If There's a Rock & Roll Heaven, Then I Just Had a Near-Death Experience (Part 3)

The Garden was at a real high when Simon & Garfunkel ended their set. The best movie of the night followed, connecting the Motown years with the Civil Rights movement, ending with a picture of Obama. So obvious, yet, I have to say, I never saw it coming. Maybe because I was focused on the music to come. Stevie Wonder! The place went nutty.

Then, technical difficulties. There was no sound. We all watched as Stevie sat at the piano, tapping on the mike to no avail, getting increasingly agitated. With every silent minute, Wonder bobbed his head more and more frantically. Why didn't anyone go out to help him? It was not only uncomfortable to witness, but it sucked all the energy out of the building.

Finally, one live mike was found and, when Wonder yelled "Hello New York," the cheers were thunderous. This was, Stevie proclaimed, the 20th anniversary of his induction into the rock hall, and the 5oth anniversary of Motown Records. Were we ready to "turn this mutha out?" he wondered. Oh yeah, we were.

More sound problems followed, and after a loud "Aw shit!," Wonder sat down. OK, a little change was in order. "Can you hear this?" he asked. We could. "Is this good?" as he hit some keys. It was. Alright then. In honor of Bob Dylan, Stevie went into "Blowin' in the Wind." Great choice, great salute to rock history and a sing-songy tune to counter the sound problems.

Though the sound would continue to plague the performance for awhile, Wonder was undeterred. "Wanna hear some Little Stevie Wonder?" he asked, as if referring to another person. "Uptight," with vocals a tad muted, led it off, then Stevie stopped abruptly and soared into "I Was Made to Love Her." He had the crowd going now, and pushed them further with "For Once in My Life," "Signed, Sealed, Delivered," and "Boogie On Reggae Woman." The short, Vegas-y versions, not as short as a medley, not as long as a regular version, bugged me. His songs are too good for that kind of treatment.

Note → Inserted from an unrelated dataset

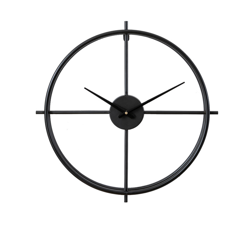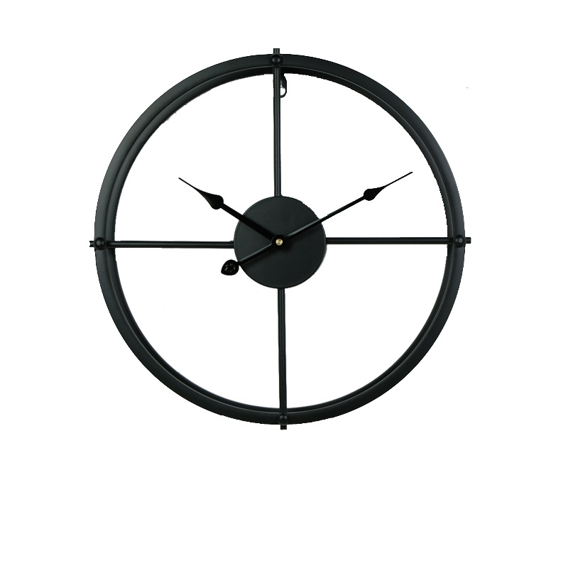Sturdy clock with full metal frame and metal numerals. This clock is the perfect addition to any home that likes to create a quirky, vintage vibe with its decor. It features a black skeletonized metal Arabic dial and black spade hands.
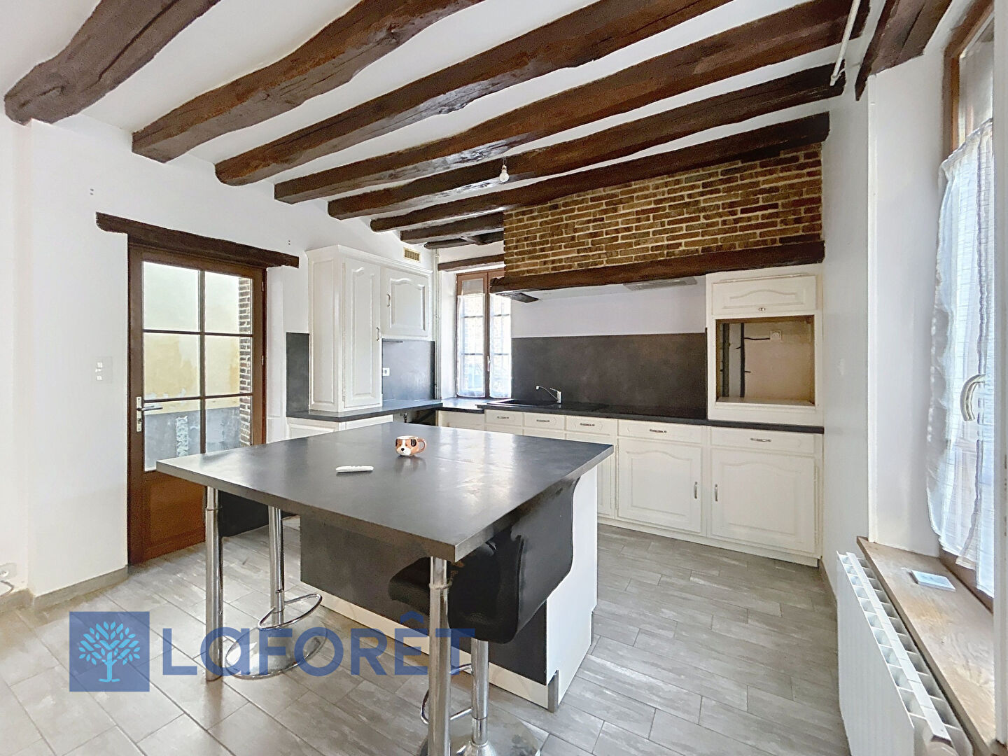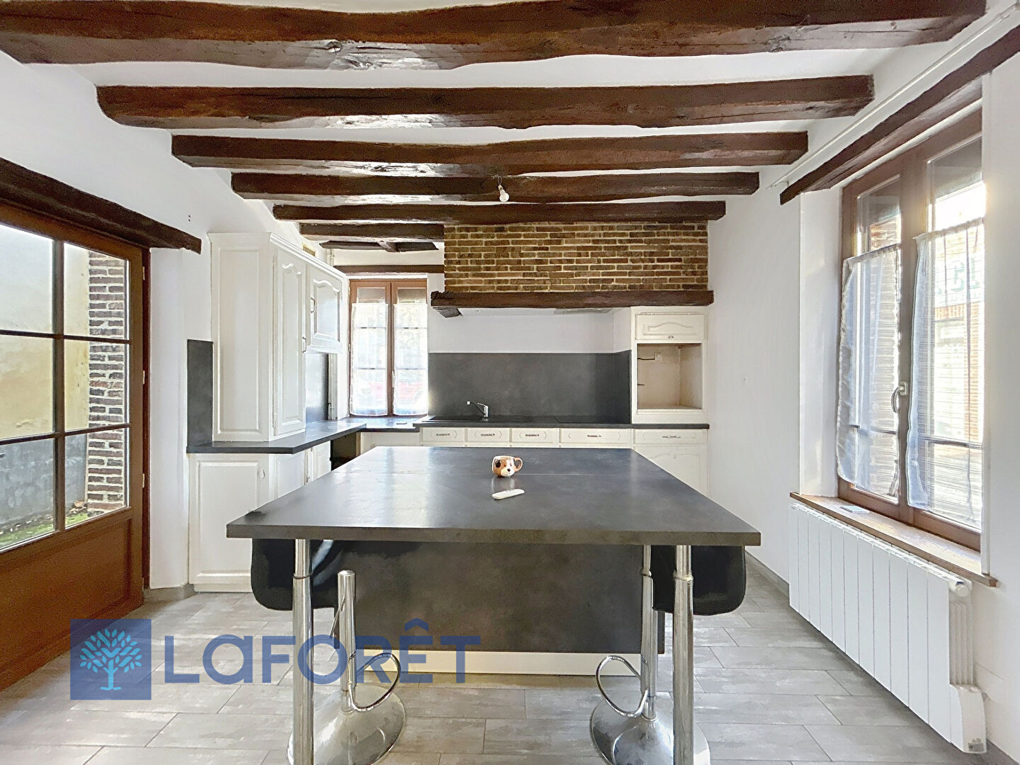 Matériaux anciens préservés : poutres apparentes, tommettes, charme des maisons normandes,

The sound was still not perfect and, though I love Stevie Wonder, I couldn't help but pray that this better be fixed in time for Bruce.

A litany of guests were scheduled to play during the set. The first was Smokey Robinson, who came on for "Tracks of My Tears." John Legend came on to do a bit of Marvin Gaye with "Mercy Mercy Me." Legend is fine, but he's no Marvin. No one is. Wonder invited his guest to sit at the piano and a remarkable thing happened next.

In tribute to Michael Jackson, Stevie began a pulsing version of "The Way You Make Me Feel." Watching on the video screen, it seemed as if Wonder was having a seizure and, with his singing suddenly halted, there was a bit of confusion. Then it became apparent that he was breaking down, weeping hard over the death of his fallen comrade. Stevie got it together and resumed the song, urging the crowd with "All hail Michael Jackson. We love Michael Jackson. Long live Michael Jackson." It was the most genuine emotional moment of the night. Wonder also paid respects to Lennon, Hendrix and Marley, but he Michael on his mind.

B.B. King slowly made his way onstage for a swing at "The Thrill is Gone." B.B. and Lucille left and Stevie performed "Living For the City." From there, he tore into "Higher Ground," Sting joining on bass. "Higher" dovetailed into "Roxanne," and the song never sounded better than with Wonder wailing on "red light." Then, back to "Higher," and out.

The last guest of the night was Jeff Beck. The connection here is that Wonder had written "Superstition" and was giving it to Beck, but then recorded it first for a hit. Some bad feeling there, but that was 35 years ago. Tonight, Beck was there to tear it open, and he did.

That's was it. Stevie stood up and said "we gotta go." The crowd gave out a big cheer for the Yankees score, a 3-1 victory over the Phillies in Game 2. Now, we all waited for Bruce.